Bradley's Maths

Solution

This is a fairly straightforward probability question that is likely to turn up in the middle of one of your exam papers and it can be either calculator or non-calculator. The only difficulty with this question is I haven't provided a diagram. In the exam you will usually get one that you need to fill in some of the probabilities on, but if they don't give you a tree diagram, sketch one for yourself - that is exactly what I did in the video, its quick and its simple.

The diagram is shown below:

The diagram doesn't need to be fabulous just a rough sketch like this is perfectly acceptable. There are no marks for it but it is enough to help you get full marks for the question.

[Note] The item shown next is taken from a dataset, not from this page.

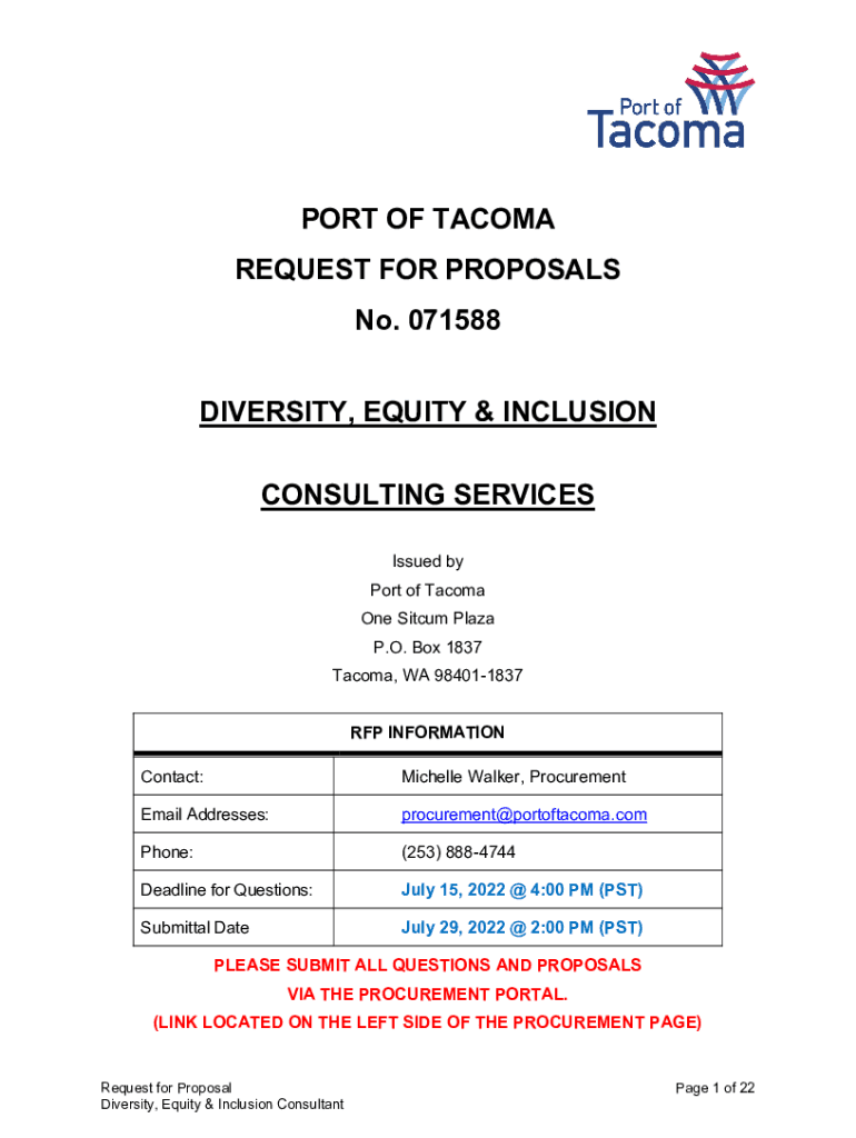 PORT OF TACOMA REQUEST FOR PROPOSALS No. 071588 DIVERSITY, EQUITY & INCLUSION CONSULTING SERVICES Issued by Port of Tacoma One Sitcom Plaza P.O. Box 1837 Tacoma, WA 984011837 RFP INFORMATION Contact:Michelle

Part a) asks for the probability of two reds. This is the top line in the tree and we multiply along the lines. We should remember that this is without replacement and so the second fractions have all been altered - there is one less sweet of whatever colour was taken and there is one less sweet in the bag.

$$P(r, r)= \dfrac{3}{8}\times\dfrac{2}{7} = \dfrac{6}{56} = \dfrac{3}{28}$$

Part b) asks for the probability of one of each. There are two ways to take one of each sweet, first red then green or first green then red. Once again we multiply along the lines but we add between the lines

$$P(\text{one of each}) = \dfrac{3}{8}\times\dfrac{5}{7} + \dfrac{5}{8}\times\dfrac{3}{7} = \dfrac{30}{56} = \dfrac{15}{28}$$

Finally in part c) we are looking for the probability of at least one of the sweets being green. There are two ways to look at this problem, the hard way is to work out the probability of the first sweet being green, add the probability of the second being green and then add the probability of both sweets being green. The easier way to look at it is, if one has to be green they cannot both be red, so we take the probability of both red (which we worked out in part a) away from 1 (the sum of all probabilities).

$$P(\text{at least one green})= 1 - P(r,r) = 1 - \dfrac{3}{28} = \dfrac{25}{28}$$